> _DATA TO USE_:
**********

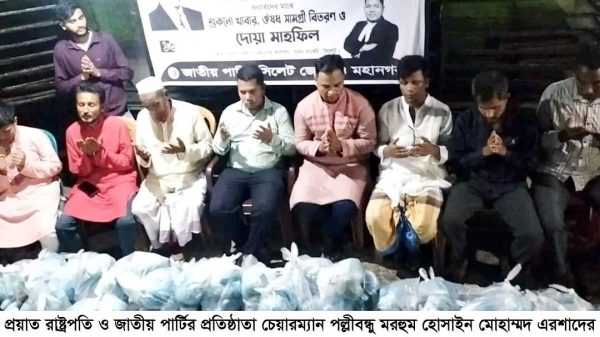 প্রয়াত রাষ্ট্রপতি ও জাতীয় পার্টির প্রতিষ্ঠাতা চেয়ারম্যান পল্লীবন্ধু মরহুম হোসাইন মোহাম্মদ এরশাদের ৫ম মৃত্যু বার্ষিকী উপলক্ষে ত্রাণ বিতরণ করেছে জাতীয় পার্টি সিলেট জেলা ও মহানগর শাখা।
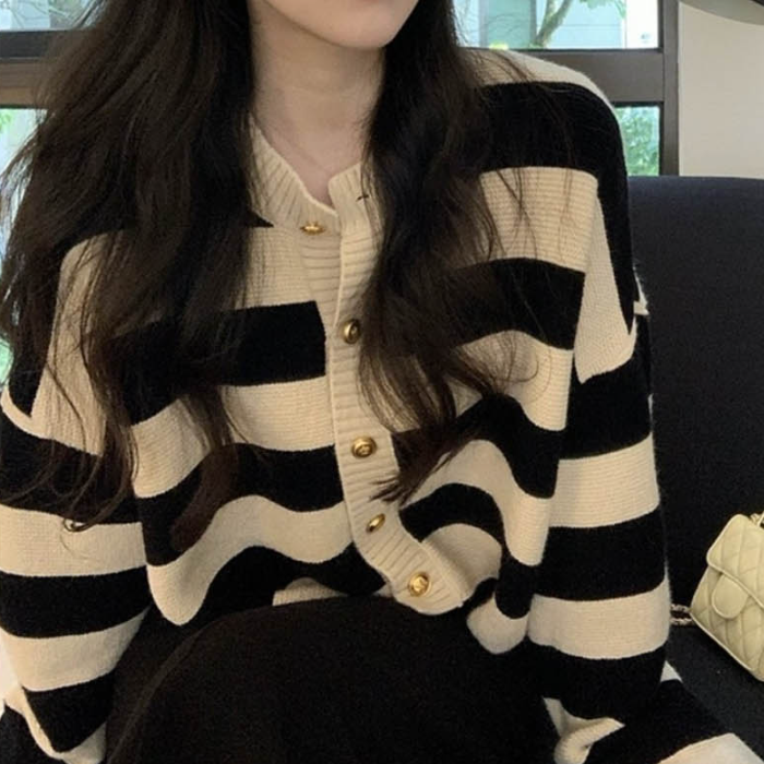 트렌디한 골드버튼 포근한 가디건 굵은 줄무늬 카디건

**********

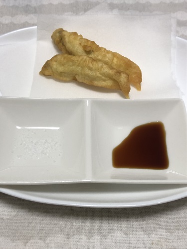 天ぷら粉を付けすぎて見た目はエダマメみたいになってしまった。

**********

> _PROMPT_: Starting with the line that contains "প্রয়াত রাষ্ট্রপতি ও" and finishing with the line that contains "트렌디한 골드버튼 포근한 가디건 굵은 줄무늬 카디건", reproduce every line of the material above exactly, but not the pictures.

> _SOLVED PROBLEM_:
 প্রয়াত রাষ্ট্রপতি ও জাতীয় পার্টির প্রতিষ্ঠাতা চেয়ারম্যান পল্লীবন্ধু মরহুম হোসাইন মোহাম্মদ এরশাদের ৫ম মৃত্যু বার্ষিকী উপলক্ষে ত্রাণ বিতরণ করেছে জাতীয় পার্টি সিলেট জেলা ও মহানগর শাখা।
 트렌디한 골드버튼 포근한 가디건 굵은 줄무늬 카디건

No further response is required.